— Source information —
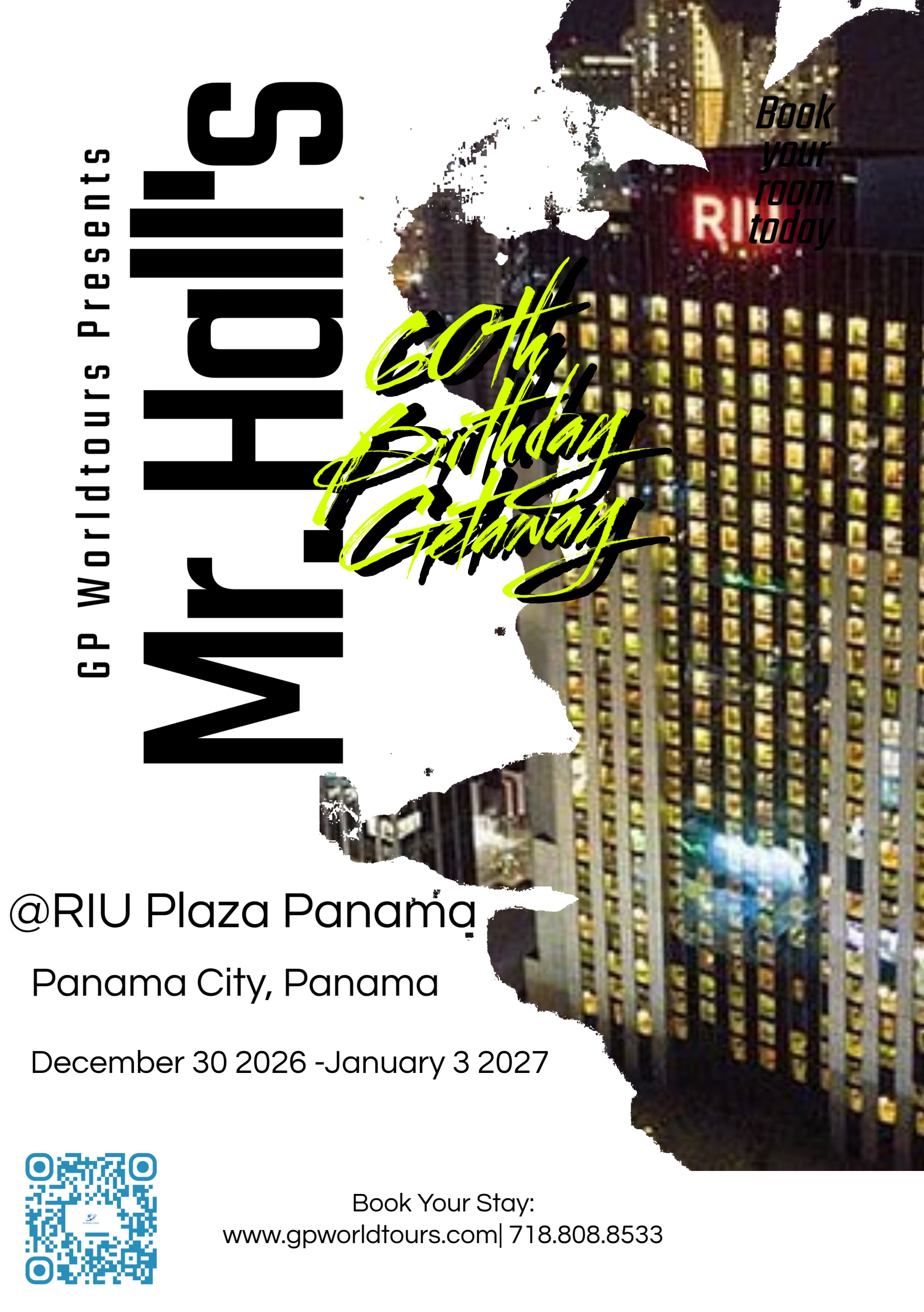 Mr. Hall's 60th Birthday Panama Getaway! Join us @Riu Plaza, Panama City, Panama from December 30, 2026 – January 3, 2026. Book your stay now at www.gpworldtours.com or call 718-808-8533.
---
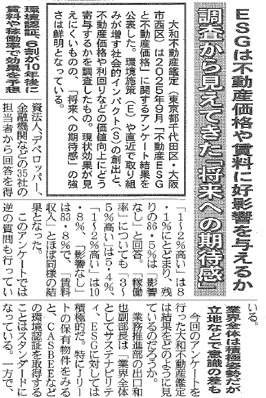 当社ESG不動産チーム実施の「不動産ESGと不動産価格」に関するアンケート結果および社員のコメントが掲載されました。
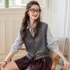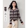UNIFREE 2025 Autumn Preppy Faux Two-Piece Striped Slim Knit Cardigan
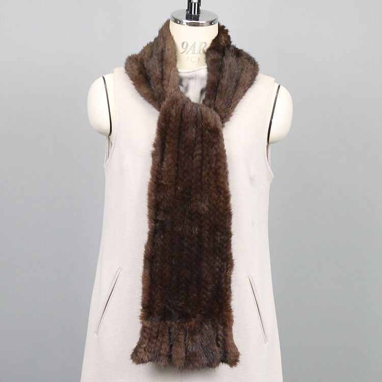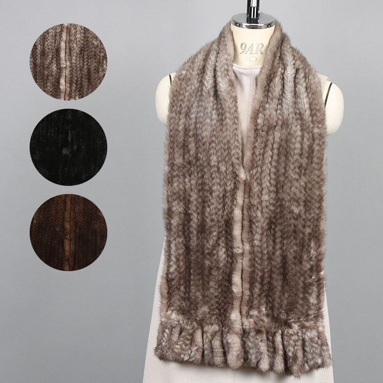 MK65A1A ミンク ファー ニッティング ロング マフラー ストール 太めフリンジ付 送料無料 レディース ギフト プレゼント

— About this task —
Above are the records; copy from them only the lines starting at the one containing "UNIFREE 2025 Autumn" and ending at the one containing "MK65A1A ミンク ファー", exactly and without pictures.

— Reply —
UNIFREE 2025 Autumn Preppy Faux Two-Piece Striped Slim Knit Cardigan
 MK65A1A ミンク ファー ニッティング ロング マフラー ストール 太めフリンジ付 送料無料 レディース ギフト プレゼント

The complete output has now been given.